*Source material*
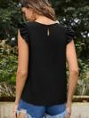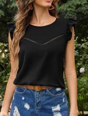 Kadın Yuvarlak Yaka Kolları Fırfırlı Krep Bluz
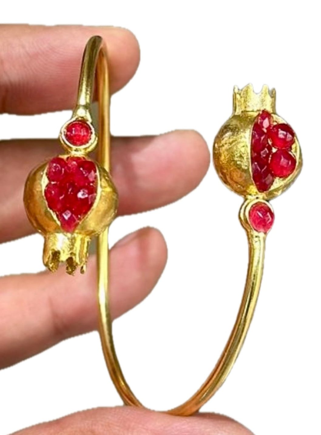 Bonito brazalete de latón chapado en oro y con terminaciones en forma de fruta de la granada, adornada con piedras naturales en tonos rojos.
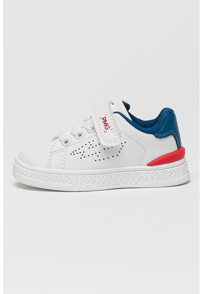 - alb optic Imprimeu: uni Stil: casual Material: piele ecologica Sistem inchidere: velcro Tip talpa: plata Detalii: detalii cu aspect metalizat Compozitie Partea superioara: alte materiale Material interior: textil Material talpa: alte materiale

*What you need to do*
The expected result is the material restated word for word, minus any picture.

*Reply*
 Kadın Yuvarlak Yaka Kolları Fırfırlı Krep Bluz
 Bonito brazalete de latón chapado en oro y con terminaciones en forma de fruta de la granada, adornada con piedras naturales en tonos rojos.
 - alb optic Imprimeu: uni Stil: casual Material: piele ecologica Sistem inchidere: velcro Tip talpa: plata Detalii: detalii cu aspect metalizat Compozitie Partea superioara: alte materiale Material interior: textil Material talpa: alte materiale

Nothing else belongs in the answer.